Work item: No pictures go in the copy. Restate, word for word, each line from the one containing "HEFFY - هيفي" through the last line below.

Data excerpt:
◆ ◆ ◆

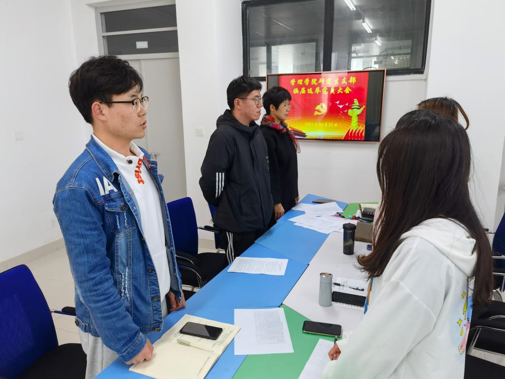 4月21日下午,管理学生党支部于致知楼C201教室组织召开党员大会,开展支部换届选举工作,会议由支部书记李永鹏主持,党委书记丁景良出席会议并做指导讲话。
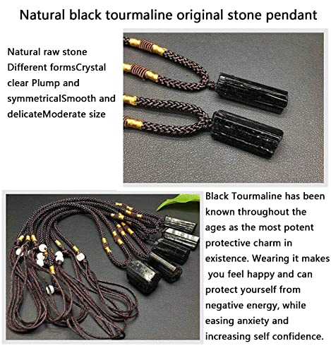 HEFFY - هيفي قلادة بدلاية من حجر التورمالين الكريستالي الخام الاسود + سوار حماية ثلاثي، اساور عين النمر من حجر الهيماتيت والزجاج البركاني للرجال والنساء، قطعتين
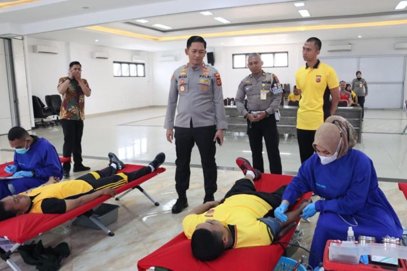 Kapolres Bogor AKBP Rio Wahyu Anggoro S.H., S.I.K pun secara langsung memantau kegiatan donor darah tersebut. yang mana kegiatan donor darah tersebut pun diawali dengan proses pendaftaran dan proses pemeriksaan kesehatan oleh tim medis, selanjutnya para calon pendonor yang dinyatakan memenuhi syarat langsung bisa mengikuti donor darah.

◆ ◆ ◆

Exercise response:
 HEFFY - هيفي قلادة بدلاية من حجر التورمالين الكريستالي الخام الاسود + سوار حماية ثلاثي، اساور عين النمر من حجر الهيماتيت والزجاج البركاني للرجال والنساء، قطعتين
 Kapolres Bogor AKBP Rio Wahyu Anggoro S.H., S.I.K pun secara langsung memantau kegiatan donor darah tersebut. yang mana kegiatan donor darah tersebut pun diawali dengan proses pendaftaran dan proses pemeriksaan kesehatan oleh tim medis, selanjutnya para calon pendonor yang dinyatakan memenuhi syarat langsung bisa mengikuti donor darah.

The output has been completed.